— DATA SHOWN —
--------------------

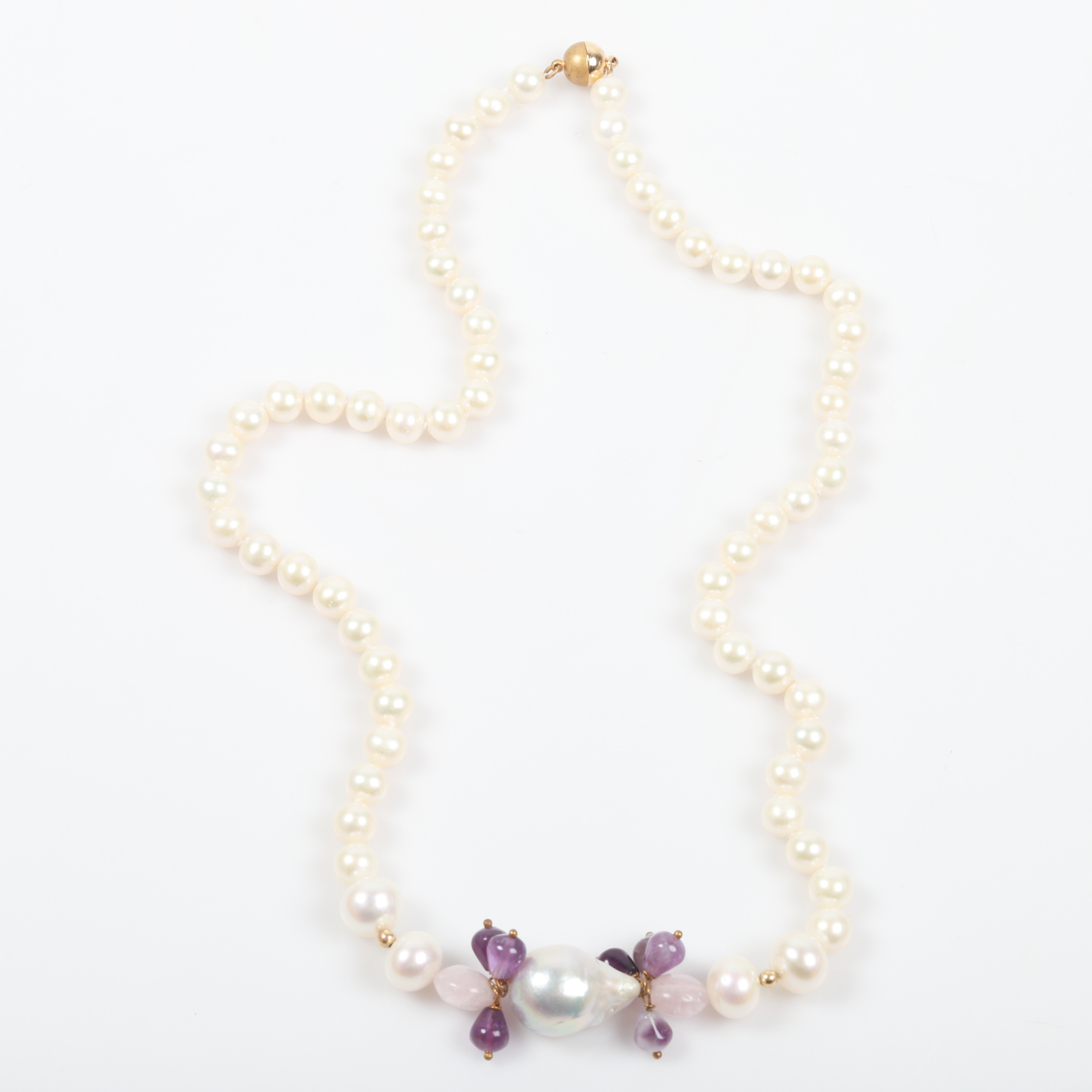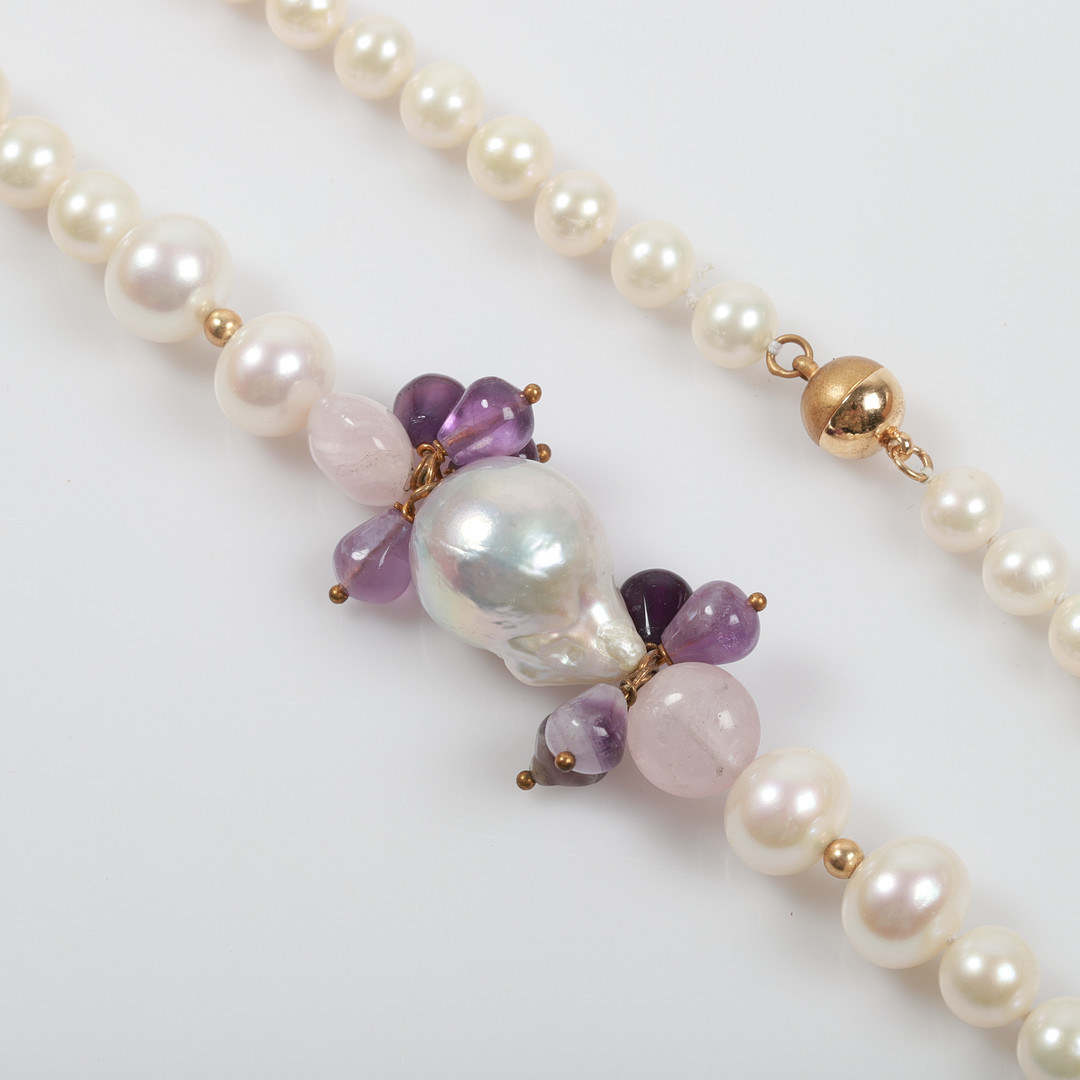 4352421. HALSKETTE, Zuchtperlen und Amethyste.
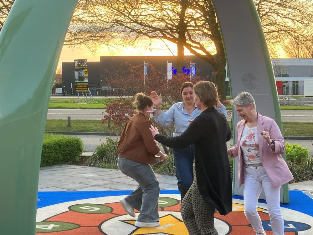 De ca 40 aanwezigen bij de jaarlijkse ledenvergadering voelden zich weer even kind. Voorafgaand aan het officiële gedeelte konden ze gebruik maken van de speeltoestellen bij Lappset.
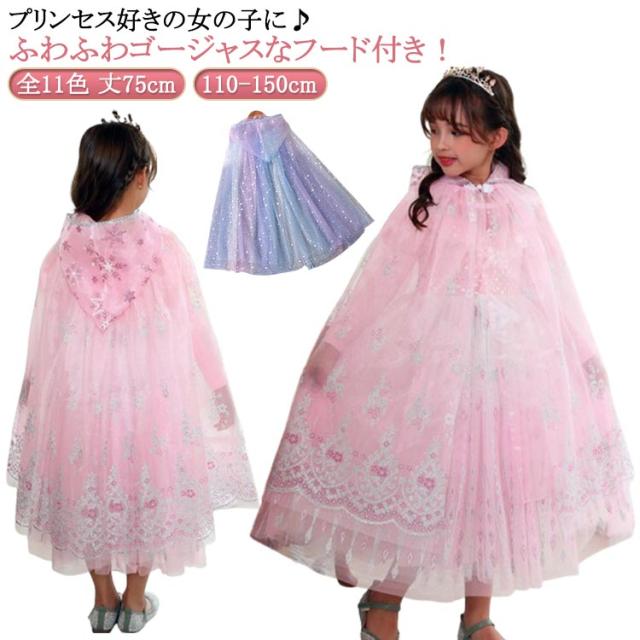 コスプレ 子供用 プリンセス マント 丈75cm プリンセス 子供 女の子 フード付き プリンセスドレス用被り物 全11色 コスチューム 100/110/120/130/140/150cm プリンセス 子供ドレス マント ケープ オールシーズン 仮装 演出服 衣装 被り物 上着

--------------------

— TASK DIRECTIONS —
Transcribe the whole listing, character for character, but not its images.

— RESULT OF THIS TASK —
 4352421. HALSKETTE, Zuchtperlen und Amethyste.
 De ca 40 aanwezigen bij de jaarlijkse ledenvergadering voelden zich weer even kind. Voorafgaand aan het officiële gedeelte konden ze gebruik maken van de speeltoestellen bij Lappset.
 コスプレ 子供用 プリンセス マント 丈75cm プリンセス 子供 女の子 フード付き プリンセスドレス用被り物 全11色 コスチューム 100/110/120/130/140/150cm プリンセス 子供ドレス マント ケープ オールシーズン 仮装 演出服 衣装 被り物 上着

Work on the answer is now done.